The Kraft inequality is a critical criterion for determining the feasibility of constructing a valid prefix-free code, and it's widely used in data compression algorithms like Huffman coding to ensure the uniqueness of code assignments and decoding.
The example I provided is indeed a non-prefix-free code because 'a' is a prefix of 'b.' This violates the definition of a prefix-free code. However, the Kraft inequality can still be satisfied in this case.
Let's calculate the values for the codeword lengths and see if the Kraft inequality holds:
Length of 'a' (l1) = 1
Length of 'b' (l2) = 2
Length of 'c' (l3) = 2
Now, let's plug these values into the Kraft inequality:
2^(-1) + 2^(-2) + 2^(-2) = 0.5 + 0.25 + 0.25 = 1
As you can see, the sum of the inverses of 2 raised to the power of each codeword's length is equal to 1, which satisfies the Kraft inequality.

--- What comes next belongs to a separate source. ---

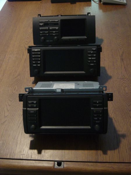Below is a picture, from front to back, of an e46 screen, an X5 16:9 screen, and an X5 4:3 screen. I had all three at the same time when I was doing the 4:3 to 16:9 conversion. Trust me, the e46 screen would not integrate very well in an X5.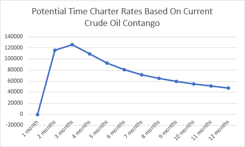 Également abordé dans l’article Contango With Me – Analyse du seuil de rentabilité d’un pétrolier était les conditions actuelles du marché du pétrole brut. En raison de la persistance de taux de production élevés et d’une consommation déprimée, les contrats à terme du pétrole brut sont en contango. Cela signifie que le prix des contrats à terme est supérieur au prix futur prévu au comptant. Cela signifie également que les producteurs ou les négociants peuvent acheter du pétrole brut aujourd’hui, payer pour le stocker pendant un certain temps et se contracter pour le vendre à un prix plus élevé à l’avenir, ce qui garantit un profit d’arbitrage.

The Kraft inequality, while a necessary condition for the existence of prefix-free codes, can still be satisfied in cases where the code is not actually prefix-free, as long as the lengths of the codewords are such that the inequality holds. This is an interesting property of the Kraft inequality, but it doesn't change the fact that a prefix-free code should not have codewords that are prefixes of other codewords for unambiguous decoding.